Data architect is responsible for finding solutions around data management. Large amount of data can be a big problem; if proper decisions are not taken around data. In this blog we will share some important pointers, and some sample questions for data architect exam.
Let ’s start with Large volumes of data
Data is one of the key elements of any application. Users constantly create data. All day long. Every day. So. Much. Data. Suddenly your org has accumulated millions of records, thousands of users, and several gigabytes of data storage.
These large data volumes (LDV) can lead to sluggish performance, including slower queries, slower search and list views, and slower sandbox refreshing. You can avoid this predicament if you plan for accommodating LDV up front, designing your data model to build scalability in from the get-go.
Large data can be managed in following ways-
- Avoid data skew-A key for managing large data volumes for peak performance is carefully architecting record ownership to avoid data skew.
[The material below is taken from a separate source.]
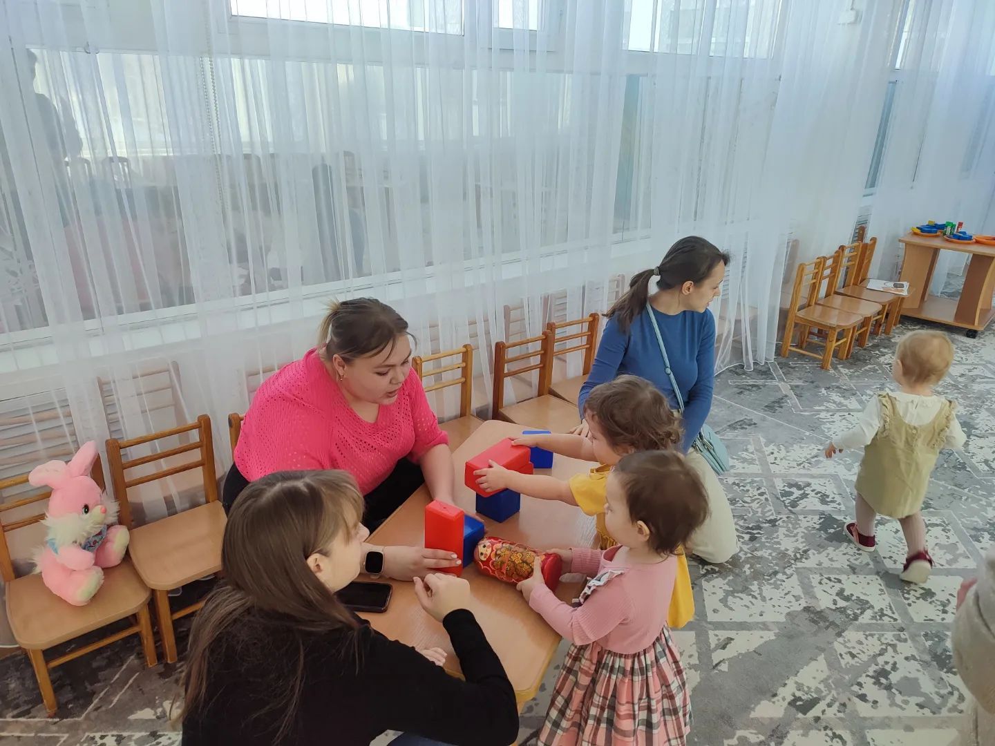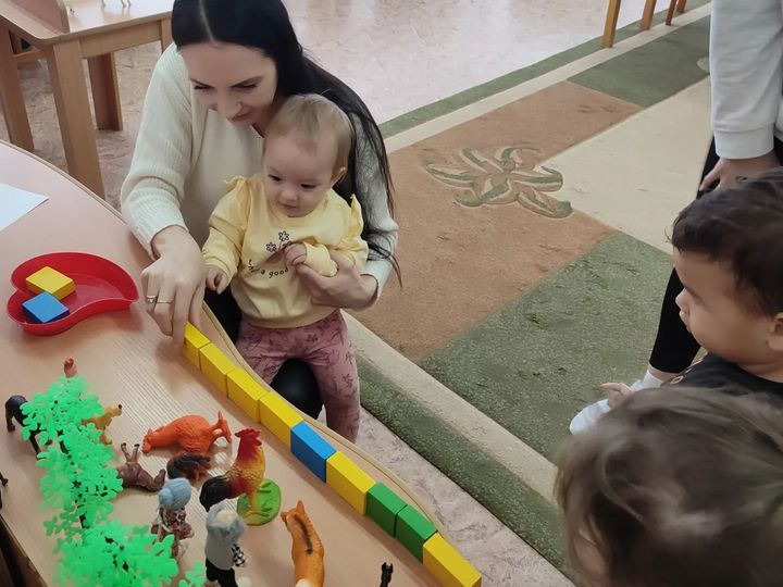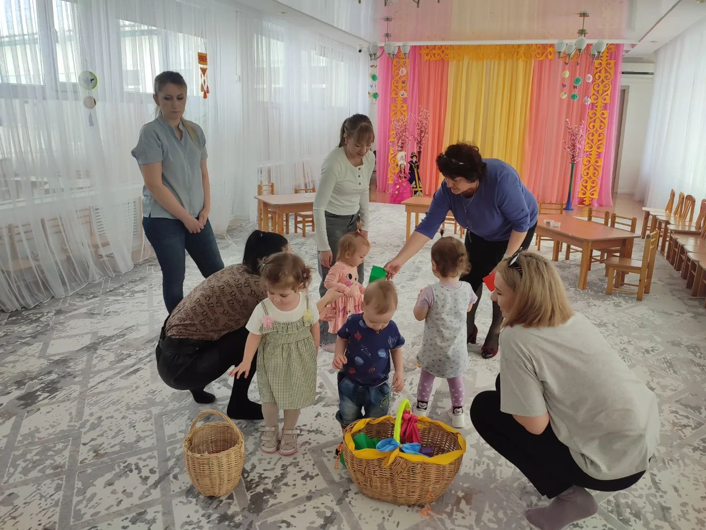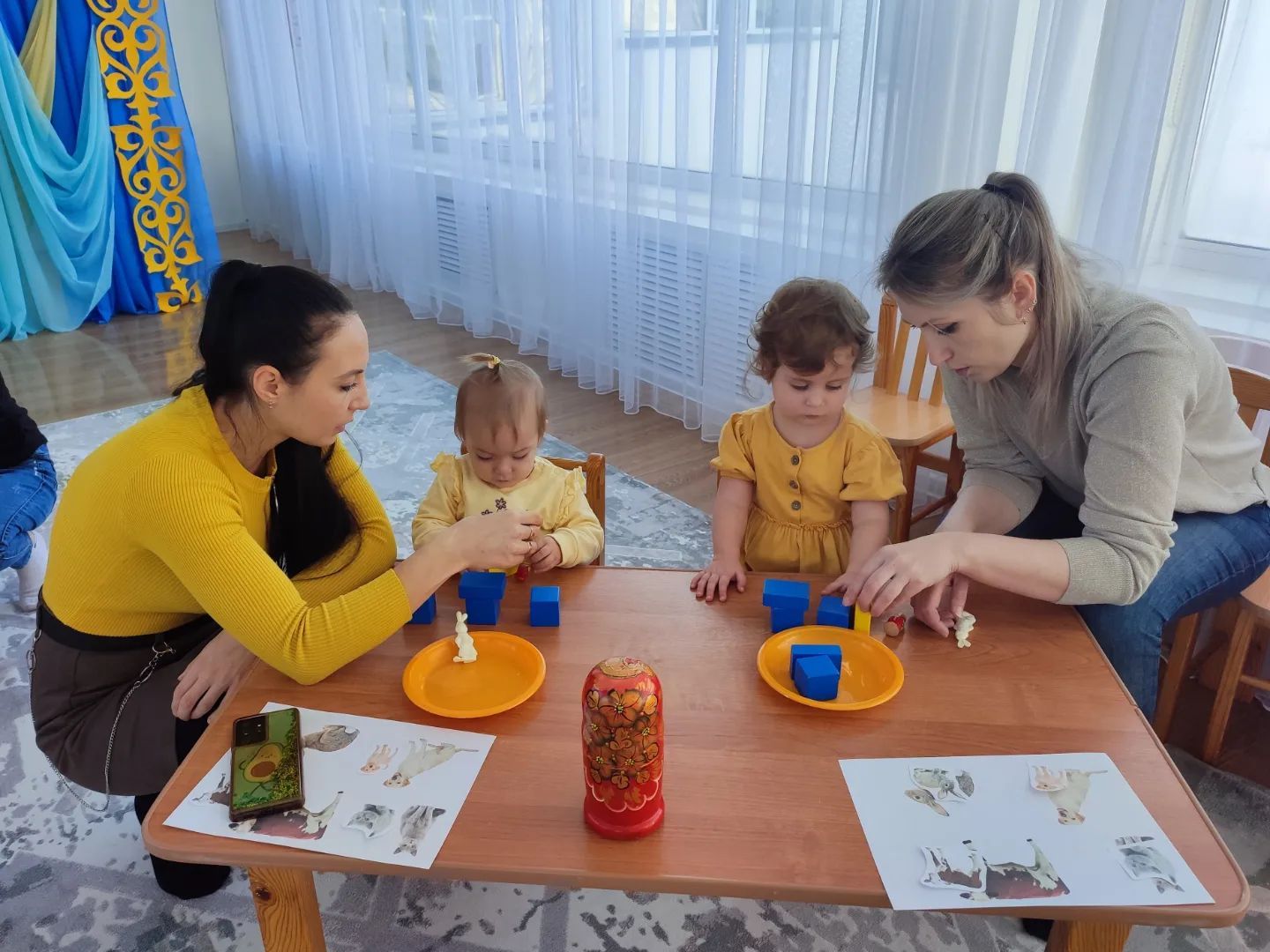 Тема: "Зайчик в гостях у матрешки". Вместе с Зайчиком научились стоить стул и стол из кубиков и кирпичиков, приготовили угощение для бе…

Data skew happens when more than 10,000 child records are associated with the same parent record within an org. Data skew can be of many types Ownership skew, Lookup Skew, Account data skew.
- Use External Data Objects-Another strategy for LDV is using external objects—which means there’s no need to bring data into Salesforce. With a data-tearing strategy that spreads data across multiple objects and brings it in on demand from another object or external store, you avoid both storing large amounts of data in your org, and the performance issues associated with LDV.
- Create efficient queries taking advantage of indexed fields. SOQL optimizer can be used to optimize queriesThe less data that your query returns, the better it is .Use indexed fields in where clause of query, we can request salesforce support team for custom indexesAvoid queries that require full table scan example- Querying for null rows—Queries that look for records in which the field is empty or null. For example: SELECT Id, Name FROM Account WHERE Custom_Field__c = null Negative filter operators—Using operators such as !=, NOT LIKE, or EXCLUDES in your queries. For example:SELECT CaseNumber FROM Case WHERE Status != ‘New’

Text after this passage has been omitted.